I was out blowing tonight when suddently I noticed my hs928tcd had a hard time reversing out of the snow bank, after further inspection found that only the right track has power and has full speed on forward and reverse, but left track is dead.
In my head I taught myself... ''oh no, not another gear case pin failure''. 
So in the heated garage she went (to melt the snow on it so it will be easier to look at it tomorow) and I finished the job with my smaller hs624.
After looking at the gear case diagram, I'm confused cause looks like if it is the pin that failed I would not have power at all, but it is not the case, she is able to move but from right track only.
From the diagram below, tell me if I'm correct...
The power comes from transmission goes to gear #8, wich turn gear #9 therefore turning gear #22 then finally goes to #23 who rotate the shaft that turn both tracks.
So if I have power to the right track, I should technicaly have power to the left one too.

So... What could it be??


----------



## pass1 (Jan 24, 2015)

Alright, now I feel stupid! 
I found my problem, turned out that I lost pin #14 and clip 18 on the left track.
Those connect the shaft with the white wheel that drive the track.
I guess I was looking a lot deeper than it was needed.


----------



## db9938 (Nov 17, 2013)

We have all been there.

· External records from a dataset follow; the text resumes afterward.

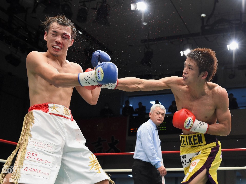 被弾の多い大里は左目上が腫れ上がりながらも懸命に追うが、迎撃体勢に入った王者の懐は深く、スピードでも差が開いてしまう。終盤はほぼ完全に左目が塞がり、挑戦者は気持ちだけは前を向くも劣勢は明らかだった。すると8回、右ストレートで内出血した箇所が切れたところで2度目のドクターチェックが入り、レフェリーは続行不能と判断。ジムの先輩でもある尾川堅一が返上した王座を昨年10月の決定戦を制して引き継いだ末吉が8回TKO勝ちを飾り、初防衛に成功した。
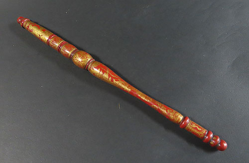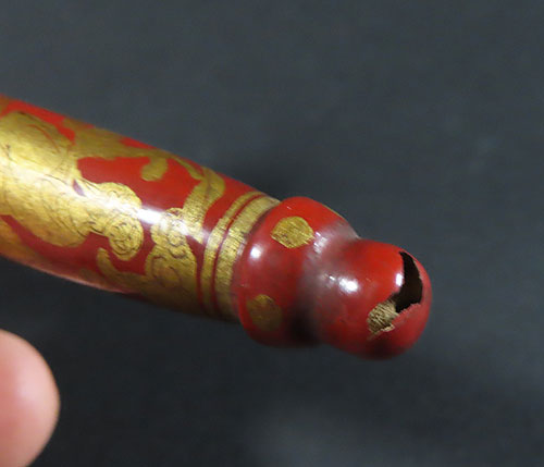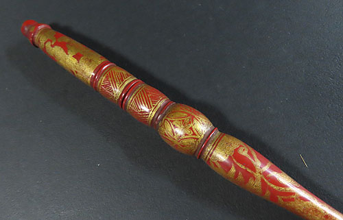 このような金工作品の矢立には象嵌模様や彫金細工が施されて、非常に高価な作品もあります。
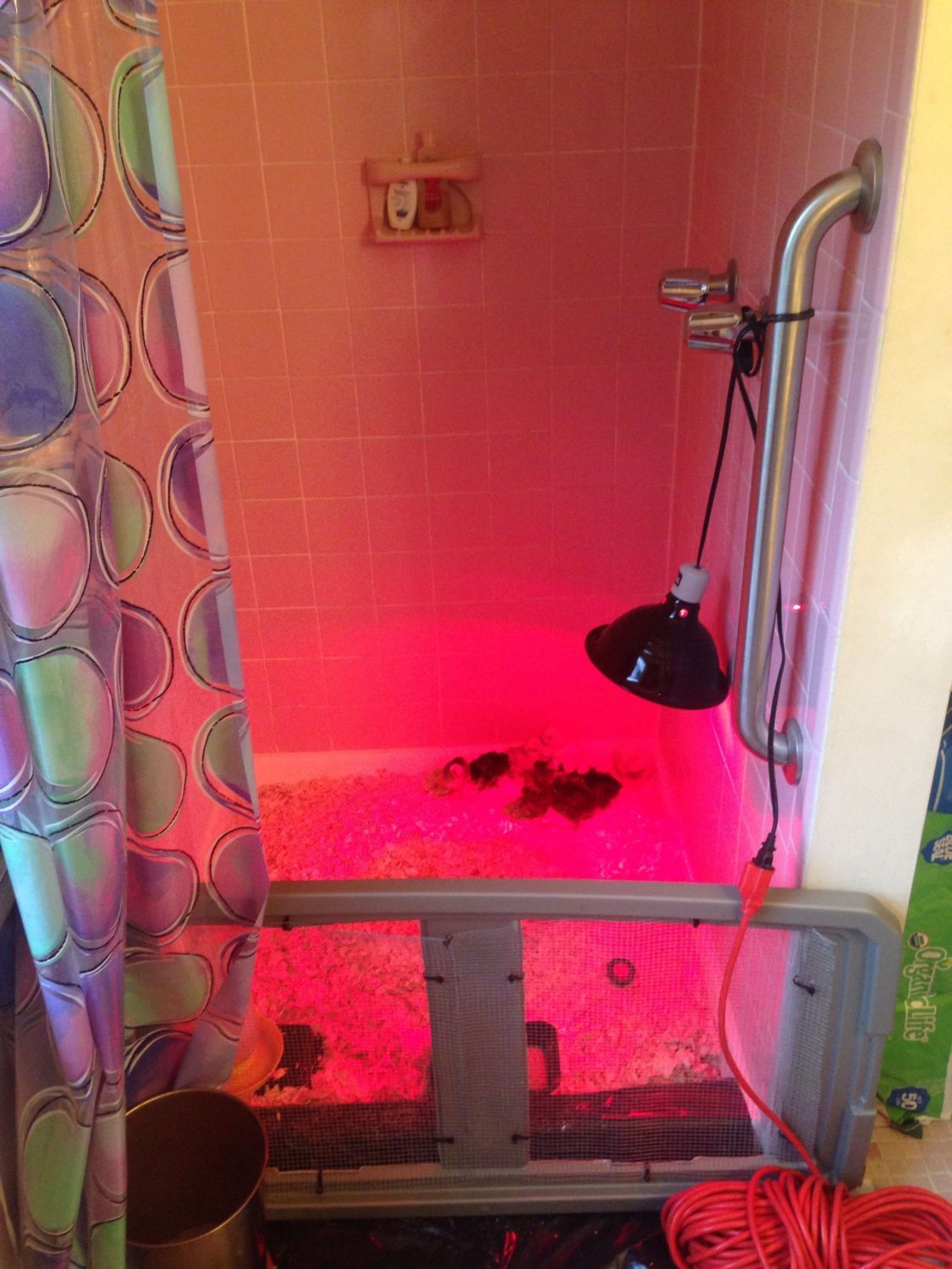 But we don't have a central heating system so the dust should be contained to the bathroom. Last time I brooded in the bathroom the cleanup was so much easier than the first time I when I brooded in the garage. I will NEVER do that again!!!

And sometimes with the snow and ice caked on the drive parts, makes it easy to overlook the obvious.


----------



## Shryp (Jan 1, 2011)

Glad you found the problem. Even better when it is cheap and easy.


----------



## pass1 (Jan 24, 2015)

I will just install a regular 1/4'' bolt and locknut for now until I order the correct part monday.


----------



## Shryp (Jan 1, 2011)

Maybe you got lucky and it is still in the snowbank. Wishful thinking huh?


----------



## tinter (Apr 20, 2014)

Very lucky .


----------



## Apple Guy (Sep 7, 2014)

pass1 said:


> Alright, now I feel stupid!
> I found my problem, turned out that I lost pin #14 and clip 18 on the left track.
> Those connect the shaft with the white wheel that drive the track.
> I guess I was looking a lot deeper than it was needed.



I am sorry to say, ANOTHER Honda gearbox issue.


Hey Robert, can you send all these gearbox issues to the Honda engineers and get a fix for this for us. Sell a kit with zero markup that gives use a new heavy duty gearbox and shaft set up so we don't keep seeing these gearbox issues.


----------



## pass1 (Jan 24, 2015)

Apple Guy said:


> I am sorry to say, ANOTHER Honda gearbox issue.
> 
> 
> Hey Robert, can you send all these gearbox issues to the Honda engineers and get a fix for this for us. Sell a kit with zero markup that gives use a new heavy duty gearbox and shaft set up so we don't keep seeing these gearbox issues.



My issue was *not* with the gear box, I just lost the pin that connect the sprocket to the shaft, the one on the track, the one indicated by the blue Arrow.


----------



## slick_cl (Nov 19, 2014)

This happened to me last week too!


----------